Obviously talk to the therapist about this - if she needs you to make a long term commitment, then you need to know that ahead of time. Otherwise, she should be very supportive of you making a commitment for now and then re-evaluating on a regular basis.
posted by metahawk at 10:51 AM on August 9 [2 favorites]


I'm in a somewhat similar situation-- student, paying for a therapist on a sliding scale, can barely afford therapy. (Obvious, but) I find that future budgeting for therapy is helpful; it's a necessary expense. I frontload some extra work at the beginning of the quarter when my schedule is lighter; I know that I need to work X extra hours each quarter to be able to pay for therapy. I like doing tutoring because it's flexible and pays pretty well. And if you go to a selective university, you can make good money by being a college counselor to a couple of high school seniors, and it won't add to you workload exponentially.

Ok, on rereading the question-- it seems less of a money problem and more of a "I feel bad spending money on myself" thing. I think you should definitely continue going to AT. Spending money on your mental well-being isn't frivolous or ill-spent. It's probably the best thing you can "buy."
posted by typify at 10:53 AM on August 9 [1 favorite]


Tough situation. Was recently in it. I ended up exploring options that are covered by my insurance, and, lo and behold, found an /amazing/ therapist in network. Now, finding a good therapist is *really* hard for me, so I hear your concern about finding a different one when you like yours so much. For me, it turned out that having a different perspective was just what I needed, but then, I'd been seeing my old therapist for quite a while. However, one thing to consider is how much the financial sacrifice will cost you in terms of stress. For me, I decided that paying the full fee when she was no longer in my network would create enough stress to cancel out the benefits of therapy. Just consider that there are other therapists out there, and, while not all of them will be a great fit, there may be someone in your network that is worth at least trying. You don't have to make this decision immediately--so might consider exploring what else is out there for a few (cheaper) sessions. Good luck!
posted by dubhemerak3000 at 11:39 AM on August 9


I pay my shrink out of pocket and it's also a big expense. He lets me break up the payments between appointments. Depending on how often you see your therapist, maybe they would do something similar. (I'll admit I'd feel awkward bring it up, but when I called to cancel an upcoming appointment because I didn't have the money, he offered to break it up.)
posted by Room 641-A at 12:01 PM on August 9


I've seen the same therapist for over 20 years, paying out of pocket for well over half the time, and I've never, ever thought that the money spent was a waste. Amazing Therapists are hard to find!
posted by Napoleonic Terrier at 6:46 PM on August 9


Amazing Therapists are amazing. TBH, I think the feeling of not feeling like you're worth spending therapy dollars on is a major conversation that your AT can definitely help you with. It can be difficult to think of therapy as a priority because it means you're spending money on yourself, but why then are you in grad school?

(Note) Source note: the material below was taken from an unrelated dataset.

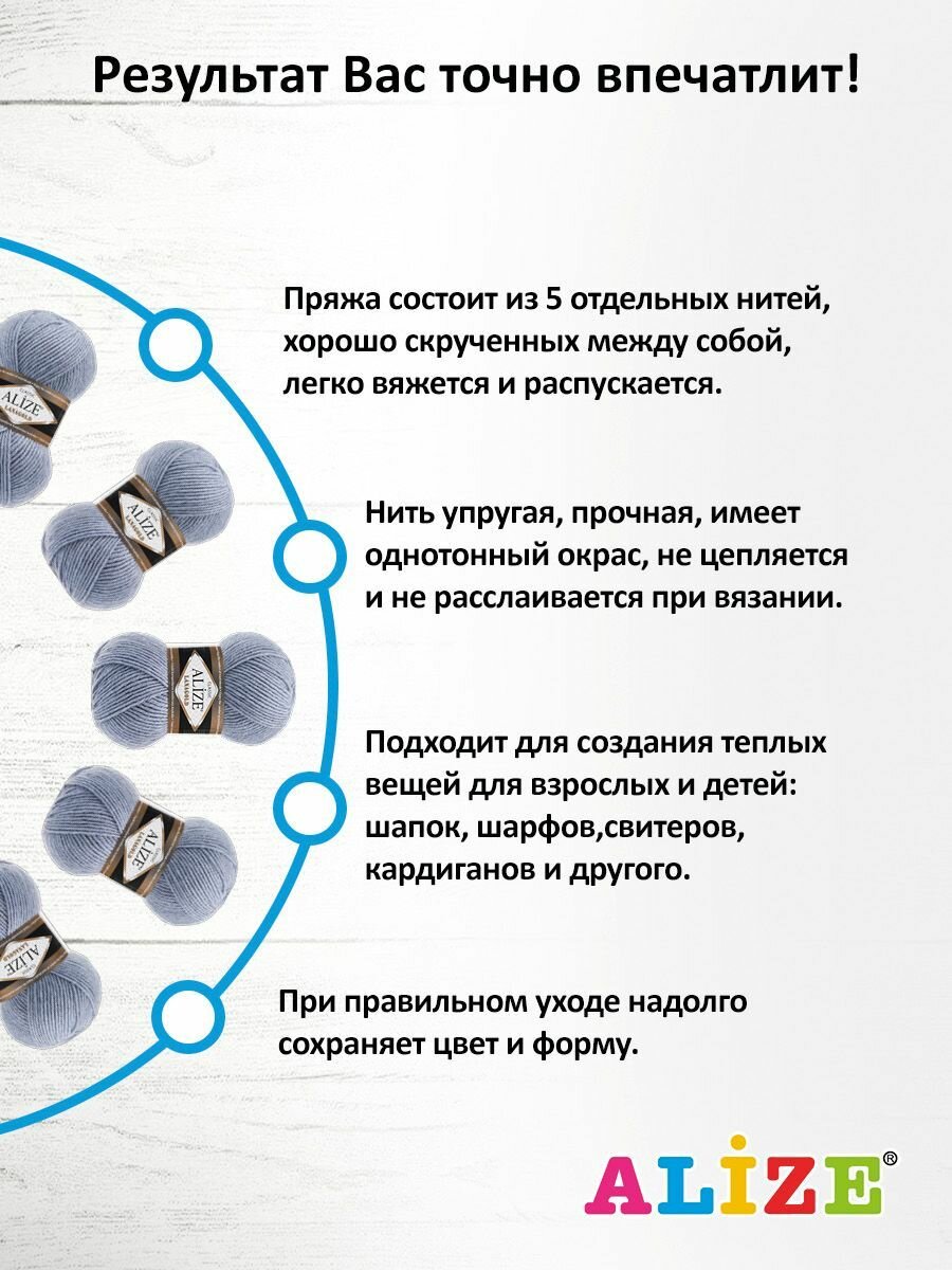 Пряжа Alize Lanagold | Турция | 5шт упаковка | Акрил: 51%, Шерсть: 49%

Isn't grad school at least partly a way of improving your life by giving you work that you love and potentially a chance to improve your income? You're "treating yourself" to grad school for some reason and I'm guessing if you look at your motivations there's a sense of purpose or fulfillment that it will bring to your intellectual self. Don't you also want to take care of your emotional self? If nothing else your improved mental health can boost your intellectual potential and vice-versa.